После этого разговора меня снабдили хорошим электрошокером, ещё одним баллончиком и большим количеством советов. Ходить куда-то – только вместе со Стёпой. Дверь никому не открывать. Поздно вечером из дома не выходить…

Я понимаю, так надо. Только не хочу больше такой жизни. Ни себе, ни своей семье. Той, которая будет…

11 февраля 2000 года

А наш директор, Рудольф Петрович, уволился. Его обязанности пока исполняет завуч, Елизавета Петровна. И все этому очень рады. Она славная и, хотя бывает строгой, никогда не срывается на учеников и не выдвигает абсурдных требований. Хоть бы она стала директором школы!

12 февраля 2000 года

Полчаса назад от меня ушла Наташка. Полдня она проплакала у нас на кухне. Она всё-таки была в театре. И всё-таки переспала с Петровским.

Честное слово, от одной мысли об этом меня начинает тошнить. Я не могу понять, зачем она это сделала: ведь Ната прекрасно понимает, что у Петровского таких как она – вагон и маленькая тележка, и отдавать свой единственный первый раз такому вот человеку… Но я не осуждаю её.

Ещё две недели назад Ната сказала, что взяла билеты в Музыкальный театр, на «Мистера Икс». Это её любимый спектакль. Конечно же, с Петровским в главной роли. Я удивилась.

– Наташ, ты же сказала, что больше не хочешь видеть его! После той истории, в декабре!

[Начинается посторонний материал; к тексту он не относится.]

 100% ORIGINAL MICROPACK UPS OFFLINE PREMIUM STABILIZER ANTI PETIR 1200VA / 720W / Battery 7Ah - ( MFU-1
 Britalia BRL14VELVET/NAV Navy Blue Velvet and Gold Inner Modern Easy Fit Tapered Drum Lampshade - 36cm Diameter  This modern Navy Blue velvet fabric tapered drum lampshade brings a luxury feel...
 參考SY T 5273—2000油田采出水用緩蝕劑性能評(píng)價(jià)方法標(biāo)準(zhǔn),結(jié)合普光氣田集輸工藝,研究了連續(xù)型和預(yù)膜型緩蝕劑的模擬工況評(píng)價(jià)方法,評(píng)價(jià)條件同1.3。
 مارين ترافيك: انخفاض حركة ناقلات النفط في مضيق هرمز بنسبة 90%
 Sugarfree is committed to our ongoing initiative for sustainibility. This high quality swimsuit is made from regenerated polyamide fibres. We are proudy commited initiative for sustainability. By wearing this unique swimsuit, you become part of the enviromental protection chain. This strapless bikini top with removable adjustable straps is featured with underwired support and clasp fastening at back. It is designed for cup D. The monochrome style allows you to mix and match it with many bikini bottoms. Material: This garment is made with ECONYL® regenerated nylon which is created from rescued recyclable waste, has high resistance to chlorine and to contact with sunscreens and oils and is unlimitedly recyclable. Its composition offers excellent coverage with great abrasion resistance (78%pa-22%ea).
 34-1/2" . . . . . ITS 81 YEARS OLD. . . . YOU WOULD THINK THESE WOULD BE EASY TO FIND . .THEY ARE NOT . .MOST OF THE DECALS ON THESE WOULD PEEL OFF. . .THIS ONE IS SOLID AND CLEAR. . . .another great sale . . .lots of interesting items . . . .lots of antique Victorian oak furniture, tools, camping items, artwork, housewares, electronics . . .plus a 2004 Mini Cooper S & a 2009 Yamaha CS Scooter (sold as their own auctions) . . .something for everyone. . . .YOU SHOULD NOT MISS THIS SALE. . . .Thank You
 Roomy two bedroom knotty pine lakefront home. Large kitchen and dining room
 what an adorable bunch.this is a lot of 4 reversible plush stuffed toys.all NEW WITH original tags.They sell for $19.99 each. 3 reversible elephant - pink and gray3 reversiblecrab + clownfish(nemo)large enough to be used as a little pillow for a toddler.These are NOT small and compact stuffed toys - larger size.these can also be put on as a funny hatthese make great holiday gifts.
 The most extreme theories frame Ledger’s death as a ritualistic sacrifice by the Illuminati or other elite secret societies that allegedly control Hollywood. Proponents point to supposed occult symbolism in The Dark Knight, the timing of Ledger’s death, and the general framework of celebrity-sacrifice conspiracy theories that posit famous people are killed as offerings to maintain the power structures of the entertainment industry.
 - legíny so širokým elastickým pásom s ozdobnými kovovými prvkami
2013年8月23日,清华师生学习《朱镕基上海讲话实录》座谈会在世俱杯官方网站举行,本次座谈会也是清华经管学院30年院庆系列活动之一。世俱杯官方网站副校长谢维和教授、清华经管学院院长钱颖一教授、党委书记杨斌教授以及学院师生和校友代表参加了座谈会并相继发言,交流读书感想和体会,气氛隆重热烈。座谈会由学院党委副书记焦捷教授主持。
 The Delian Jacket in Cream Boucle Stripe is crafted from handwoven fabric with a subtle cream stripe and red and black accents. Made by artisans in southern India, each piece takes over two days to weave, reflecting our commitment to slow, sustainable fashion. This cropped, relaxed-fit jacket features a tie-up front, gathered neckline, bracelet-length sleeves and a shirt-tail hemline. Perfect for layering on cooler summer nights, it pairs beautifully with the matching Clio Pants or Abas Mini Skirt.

– Маринка, Маринка, – простонала она. – Я не могу! Я скучаю по нему, ужасно скучаю! И просто хочу его увидеть, мне всё равно как. Мне даже всё равно, что со мной будет дальше. И, если он увидит меня и захочет, чтобы… между нами что-то было, Марина… я сделаю всё. Лишь бы хоть немного побыть рядом с ним.

– Но так же нельзя! Надо быть гордой, Ната! – закричала я. И кричала ещё долго. Я говорила подруге какие-то жестокие, обидные слова, суть которых сводилась к тому, что она просто не может идти туда, искать встречи с Петровским, что это бред, блажь, глупость и элементарное неуважение к себе.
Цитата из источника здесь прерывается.